Waktu itu, ketika mereka menikah mereka masih belia. Karena rasa cinta yang begitu besar antara mereka. Mereka tidak bisa dipisahkan lagi. Mereka bagaikan Romeo dan Juliet. Di mana ada Ayah, di situ ada Ibu. Sehingga mereka dinikahkan oleh orang tua mereka.  

Namun, ternyata dalam perjalanan pernikahan mereka kerap terjadi pertengkaran. Sikap perhatian antara mereka berubah setelah menikah. Apalagi ketika sang isteri hamil, tentunya butuh perhatian lebih, tapi sang suami malah asyik bermain dengan teman-temannya. Ketika ada masalah, tak ada yang mau mengalah.
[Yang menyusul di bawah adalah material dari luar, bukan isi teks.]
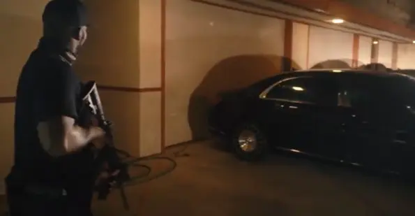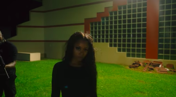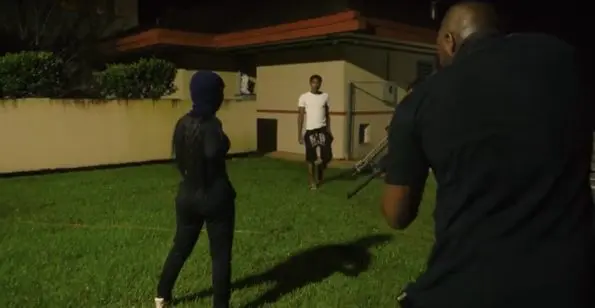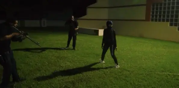 In the video, the rapper’s security team hunts the intruder as she sneaks around the mansion wearing all black. In one scene, the woman takes cover behind a line of bushes to avoid being spotted.

Sampai suatu ketika ada perempuan lain yang memikat hati Ayah. Ayah yang kepincut, memilih kawin lari dengan perempuan itu. Ia meninggalkan Ibu dan aku yang masih kecil. Kemudian ia tersadar dan kembali mencari Ibu dan aku. Namun, ia tidak menemukan kami. Ternyata, kami sudah pindah ke kota lain. Dan ia tidak menemukan jejak mereka.

Setelah mendengar penjelasan Ayah, aku tidak tahu mau bersikap bagaimana. Seharusnya aku marah kepada Ayah karena ia telah meninggalkan kami, Ibu dan aku. Tetapi, entah mengapa rasa marah itu sirna melihat kondisi Ayah saat ini. Yang terbaring lemah di pembaringan.

“Aku minta maaf padamu, Nak,” pinta bapak. Lanjutnya, “Ijinkanlah Ayah untuk ketemu ibumu!”
“Untuk apa, Pak? Ibu sudah melupakan semuanya.”
“Bapak hanya ingin minta maaf kepada ibumu, Nak.”

“Minta maaf…Minta maaf sudah tidak bisa lagi, Pak.”
“Kenapa, Nak?” tanya Bapak. Lanjut bapak, “Padahal Ayah sangat berharap bisa meminta maaf kepada ibumu, sebelum ajal menjemputku.”
“Soalnya, Ibu sudah meninggal dunia, Pak.”
“Inna lillahi wa inna ilaihi roji’un. Ya, Tuhaan, aku belum sempat memohon maaf padanya.”


**********

Aku meninggalkan Ayah yang bersedih mendengar kabar tentang Ibu. Penyesalan datang menghinggapinya tanpa terbendung. Aku sendiri belum bisa menerima kehadiran Ayah begitu saja. Yang sekian lama dan bahkan sudah bertahun-tahun, kuanggap telah tiada. Kini tiba-tiba muncul di hadapanku.

Akankah suatu hari nanti aku bisa menerima Ayah kembali dalam kehidupanku? Karena biar bagaimanapun ia adalah ayah kandungku. Aah, biarlah waktu yang akan menjawabnya.